The company is registered in Delaware and I reside and have performed all of the consulting services in New York. I would like to work for a similar business in the near future.
HERE ARE SOME PERTINENT CLAUSES OF THE CONTRACT
Nature of Relationship. The business relationship between the Consultant and the Company shall be that of independent contractor and not employer-employee or principal-agent. Neither party shall have the authority to legally bind the other in contract, debt or otherwise.
Competition. The Consultant represents that it is not currently engaged in creating or operating a secondary securities marketplace that includes the buying or selling of previously-issued restricted and/or unlisted securities and that it is not currently providing products or services to any entity that is creating
or operating such a securities marketplace, and agrees that it will not create or operate such a marketplace or provide products or services to such a marketplace during the term of this agreement and for a period of one(1) year thereafter without the prior written consent of the Company.
Termination. The consulting services provided by this Agreement can be terminated by Company or Consultant without stated cause at any time on delivery of written notice. compensation due pursuant to Exhibit A of this Agreement will be prorated to the date of termination and timely paid, along with
incurred expenses to date of termination.
The Company and the Consultant agree that this Agreement is made pursuant to and will be governed under the internal laws of the State of California. Both parties agree to accept service of process to appear in any legal proceeding pertaining to this Agreement and all such proceedings shall be exclusively initiated and conducted in the County of San Diego, State of California.
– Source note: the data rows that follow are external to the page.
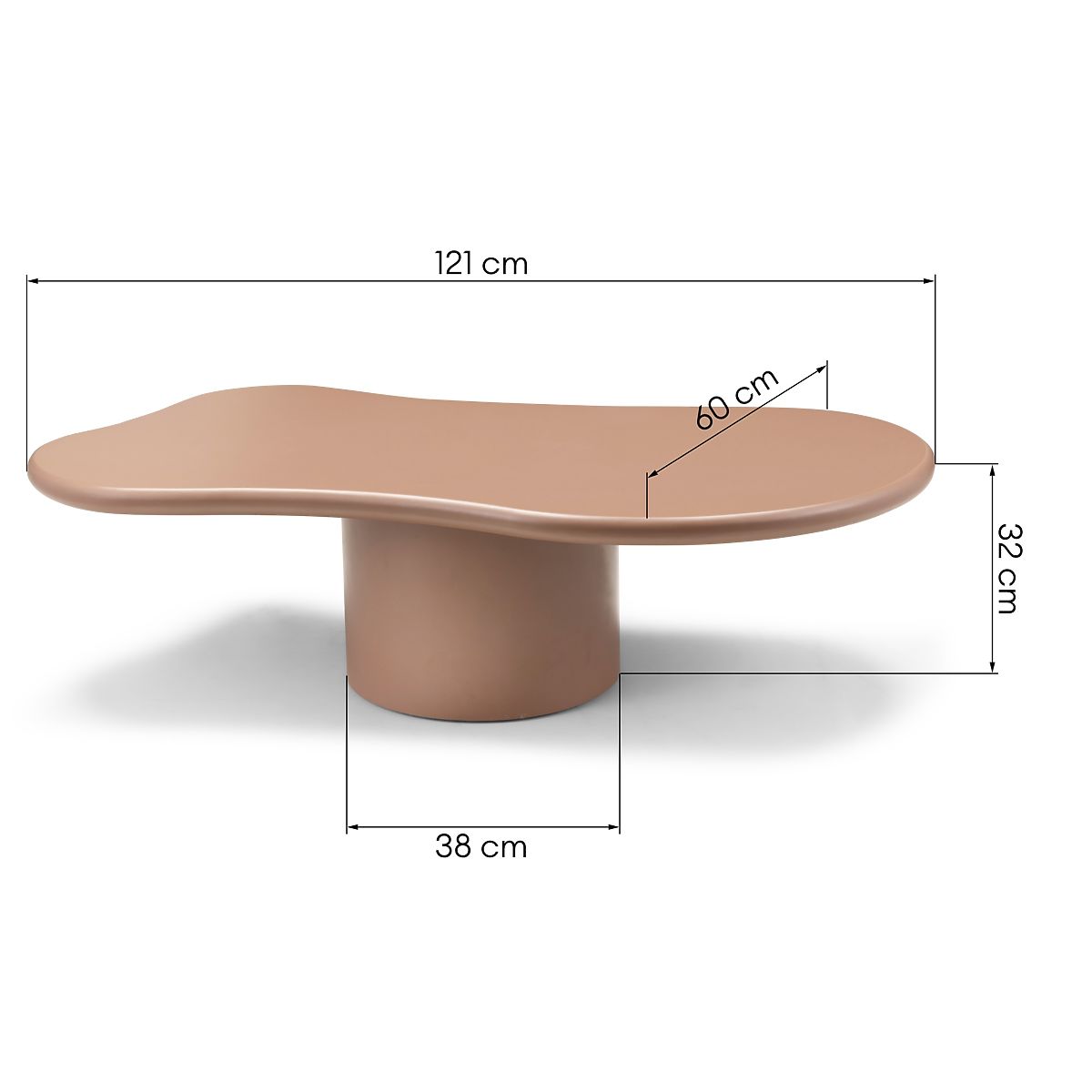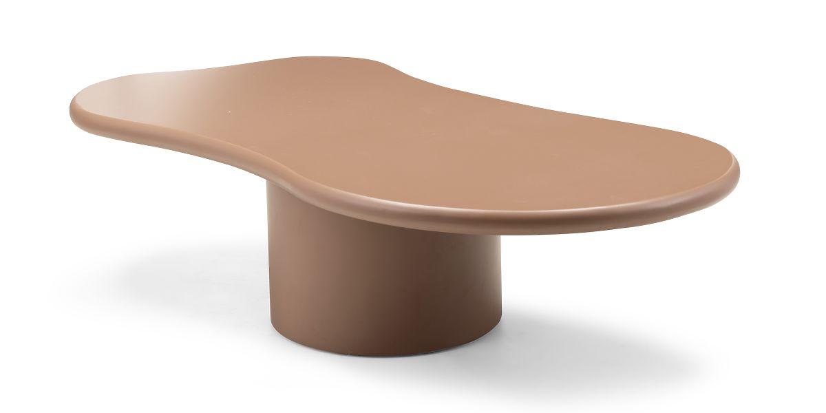 Cinnamon-colored coffee table with a rounded, organic shape. .. more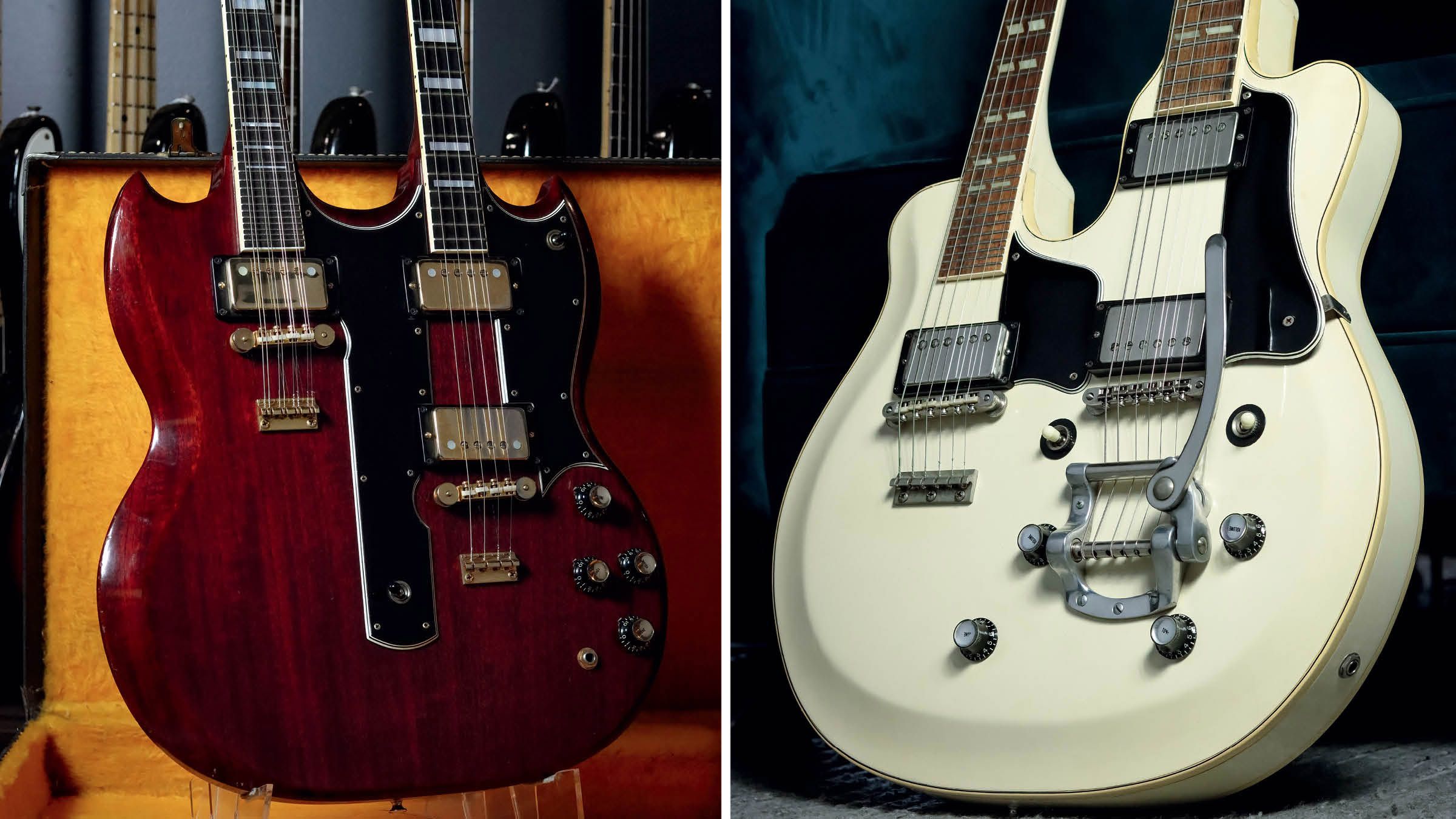 The Polaris White one is a 1961 EMS-1235 with a regular six-string neck and an octave six-string neck, and its most interesting and unusual feature is the Bigsby on the octave side. Gibson made these with Venetian and Florentine cutaways, but this one is …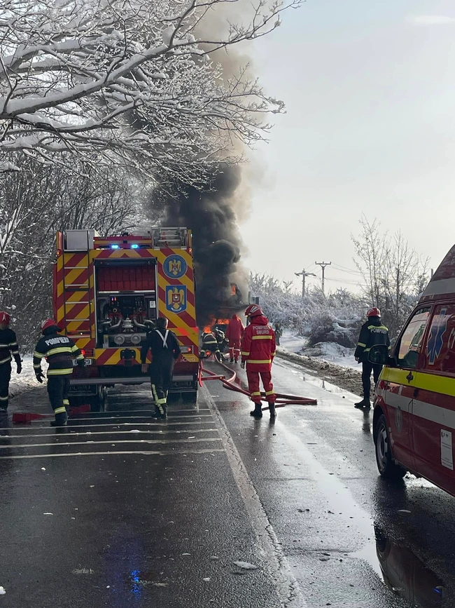 0Un autotren care transporta opt autoturisme a fost cuprins de flăcări în mers, pe DN 72, în zona localității I.L. Caragiale. Incidentul a avut loc pe un sector de drum drept, unde carosabilul era curățat de zăpadă.

If any provision in this Agreement is held by a court of competent jurisdiction to be invalid, void, or unenforceable, the remaining provisions will nevertheless continue in full force without being impaired or invalidated in any way.
Any controversy or claim arising out of or relating to this Agreement or the breach thereof, shall be resolved by binding arbitration, in accordance with the rules and regulations of the American Arbitration Association as such rules may be amended. The parties agree that they will abide by and perform any
award rendered in any such arbitration and that any court having jurisdiction may issue a final judgment based upon any such award. If either party retains counsel to enforce its rights against the other party, then the prevailing party in any ensuing action shall be entitled, in addition to any damages, to the award of costs and reasonable attorney’s fees.
(g) The Parties agree that in the event of a breach or threatened breach by the other, including its employees, subcontractors, consultants or agents, of the provisions of this Agreement, there may be no adequate remedy available in money or damages and, accordingly, each will be entitled to injunctive and other equitable relief for such breach in addition to and not in limitation of any other legal or equitable remedies to which it would otherwise be entitled.